*** LISTED RECORDS Section Begins ***
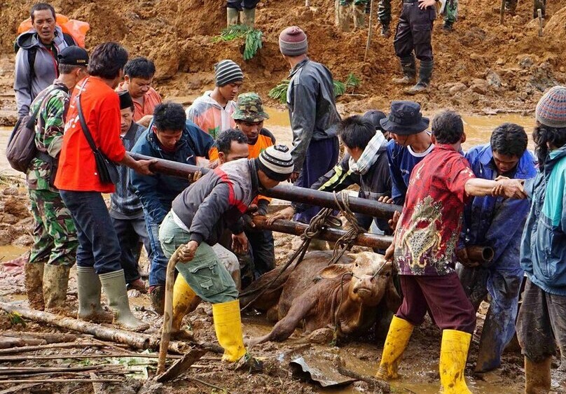 每年11月至次年4月是印尼的雨季,由强降雨和洪水引起的山体滑坡多发。印尼国家抗灾署估计,全国2.5亿人口中,大约一半人居住在山体滑坡易发地区。图为泥石流事故现场。
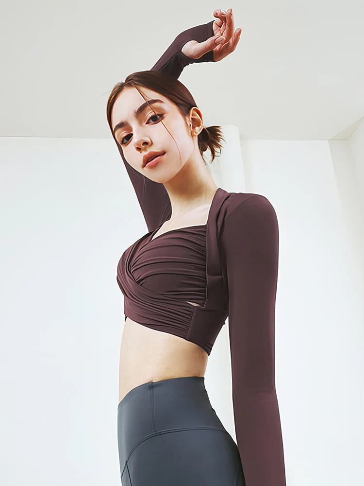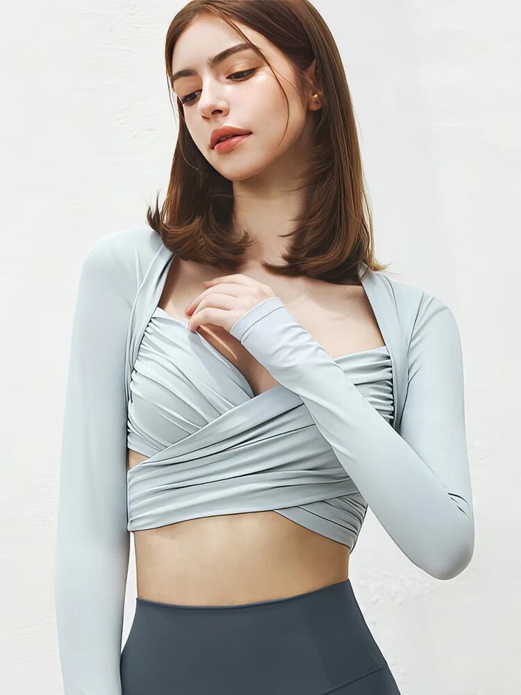 胸元が開いたV字型のクロスデザインは、通気性が良く、ヨガやフィットネスのトレーニングに適しています。また、上品でエレガントな印象を与え、普段着としても活用できる万能なアイテムです。
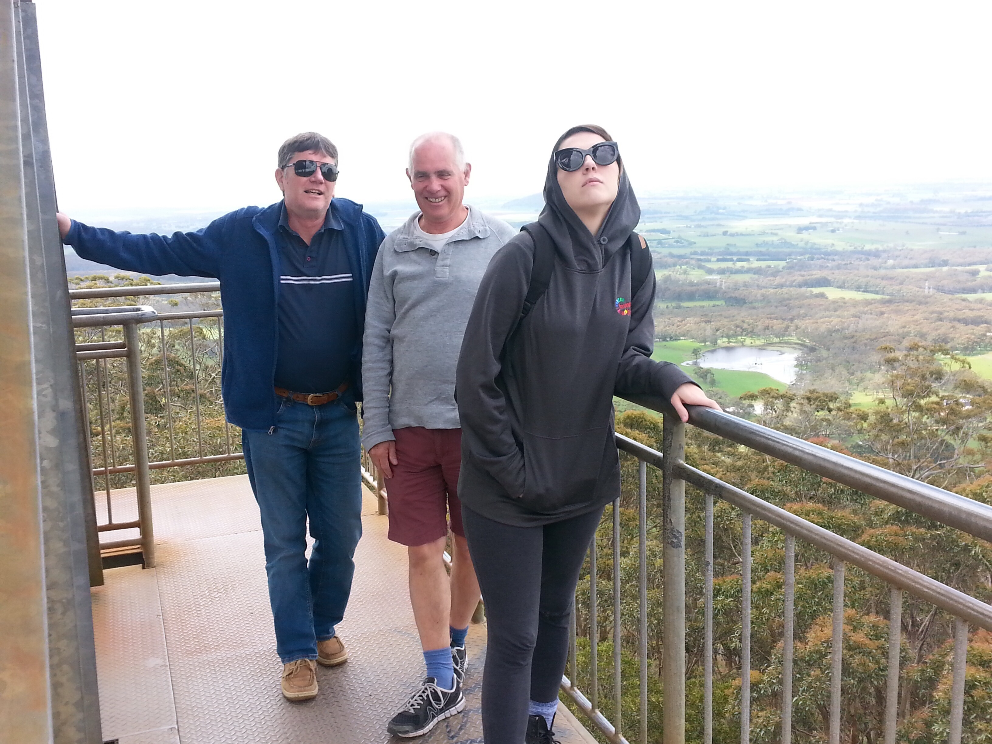 Evelyn and I are posing in front of the lighthouse at Port Fairy (just west of Warnambool).The gang explore the water in Warnambool.The Warnambool shoreline, definitely not Mooloolaba ๐ A close up of one of the “Apostles”.The 12 apostles – or what’s left of them!One of the amazing naturally eroded structures along the Great Ocean Road. Mark and Matthew build rock towers on the rock beach near Apollo Bay.Run before that rock tower gets you.The eastern shore from the top of the Otway Lighthouse.A view of the ocean from the top of the Otway Lighthouse.A cute little wild koala hanging out at the Otway Lighthouse.
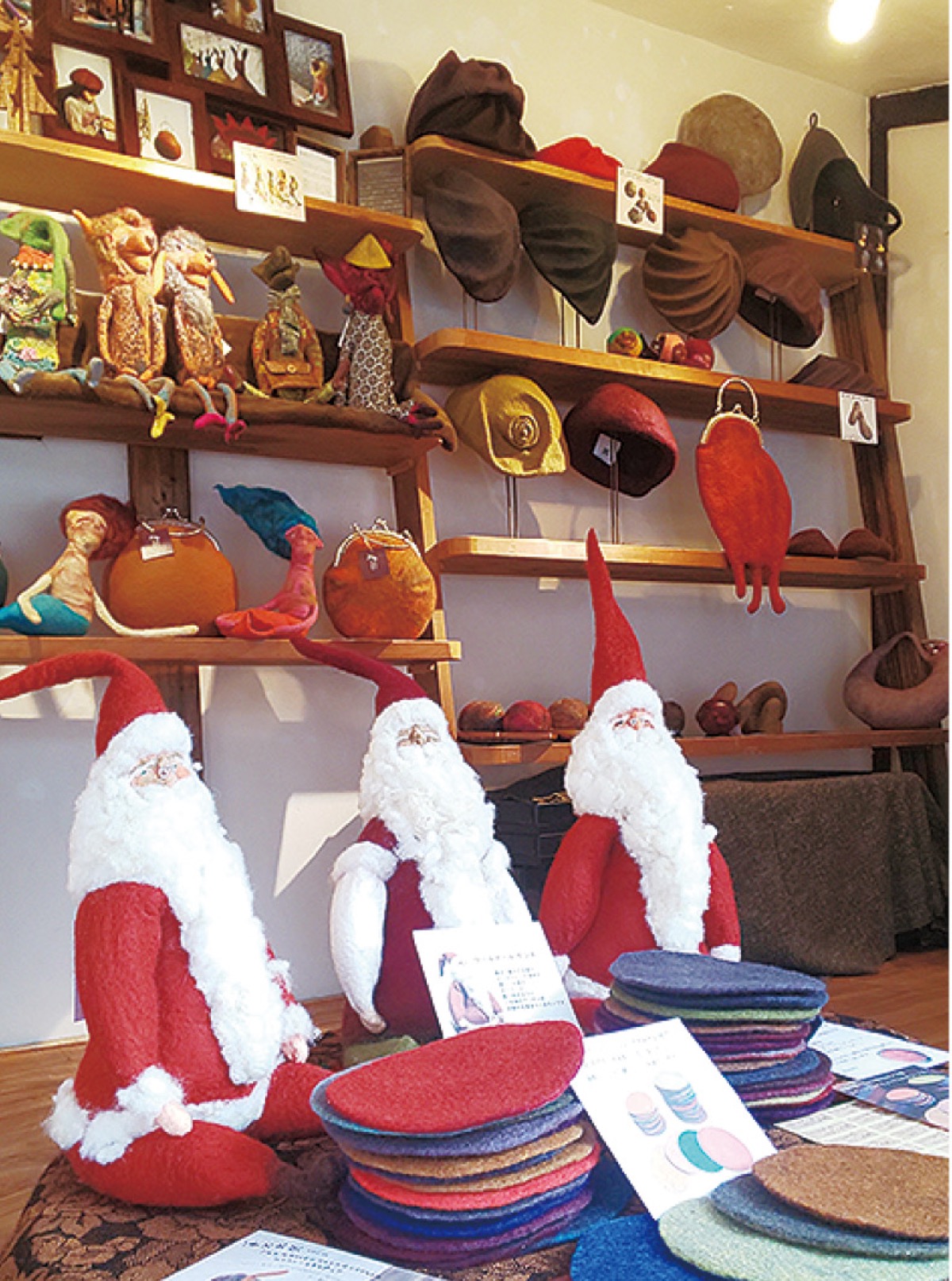 ウールアートのYOMORUさんとクレイアートのk.m.さんの手により自然素材から生み出された作品を展示=写真。立体ベレー帽やウール人形、粘土ブローチ、刺繍など。午前11時から午後5時(最終日は4時)まで。問い合わせはメール【メール】info.tsukiyama@gmail.comへ。
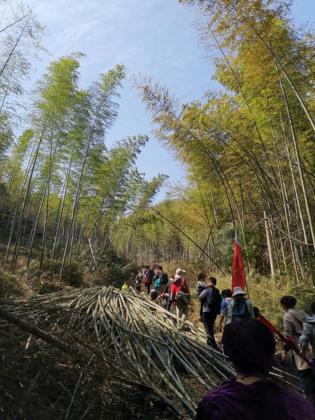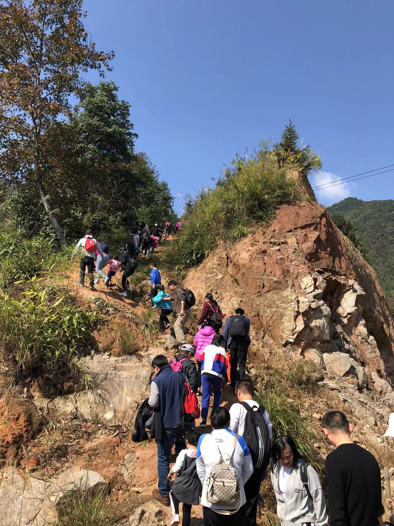 参观完战役遗址后,开始重走红军路—翻越三千界。“满天都是星光,火把也亮了起来。从山脚向上望,只见火把排成许多‘之’字形,一直连到天上,跟星光接起来,分不出是火把还是星星。”这是老一辈革命家陆定一在《老山界》一文中对红军夜行军的描述。老山界是中央红军“长征以来所过的第一座难走的山”。在老山界密林崎岖路上,我们高举着党旗,沿着当年红军的足迹,体验红军长征时翻越老山界的艰辛,山路崎岖,有些地段没有护栏,旁边就是悬崖深谷,老师们保持兴致昂扬的精神状态,脚踏实地地走好每一步路,特别是孩子们,在领队的带领下,冲锋在前,坚持不懈地翻过了三千界,走完了长征路。
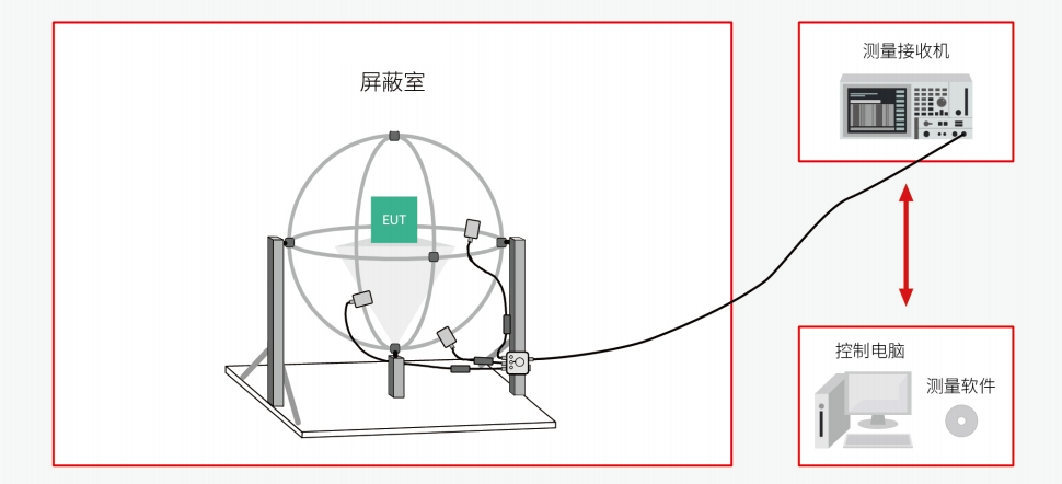 依据CISPR 15电气照明标准,对荧光灯及其他放电灯所用的独立镇流器、半灯具、自镇流灯、灯具等进行磁场测量。测量期间,受试样品(EUT)置于三环天线系统(LAS)中心,通过同轴开关切换X,Z三个方向,并连接到EMI接收机,通过软件测量EUT的磁场强度。测试可在屏蔽室或暗室内进行。
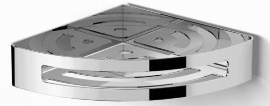 Funkcjonalny narożny koszyk łazienkowy, wykonany ze stali nierdzewnej odpornej na korozję.
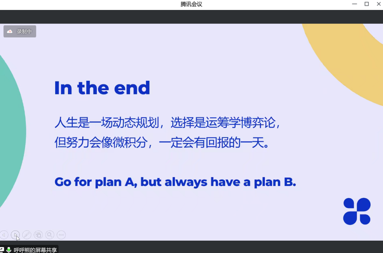 最后,王绪爽就“权衡和规划”、“兴趣和生计”、“投入和收益”、“家庭期望”等话题进行了深入交流。她告诉同学们“人生是一场动态规划,选择是运筹学博弈论,但努力会像微积分,一定会有回报对的一天”。
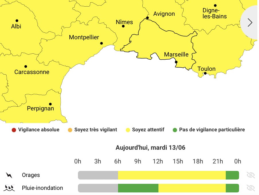 La vigilance jaune orages et pluie / inondation se poursuit ce mardi 13 juin dans les Bouches-du-Rhône jusqu’en soirée.
*** LISTED RECORDS Section Ends ***
=== DIRECTIONS FOR THIS TASK ===
Starting at the line that contains "Funkcjonalny narożny koszyk" and ending with the last line of the data, transcribe every line exactly; skip the pictures.

=== THE COMPLETED TASK ===
 Funkcjonalny narożny koszyk łazienkowy, wykonany ze stali nierdzewnej odpornej na korozję.
 最后,王绪爽就“权衡和规划”、“兴趣和生计”、“投入和收益”、“家庭期望”等话题进行了深入交流。她告诉同学们“人生是一场动态规划,选择是运筹学博弈论,但努力会像微积分,一定会有回报对的一天”。
 La vigilance jaune orages et pluie / inondation se poursuit ce mardi 13 juin dans les Bouches-du-Rhône jusqu’en soirée.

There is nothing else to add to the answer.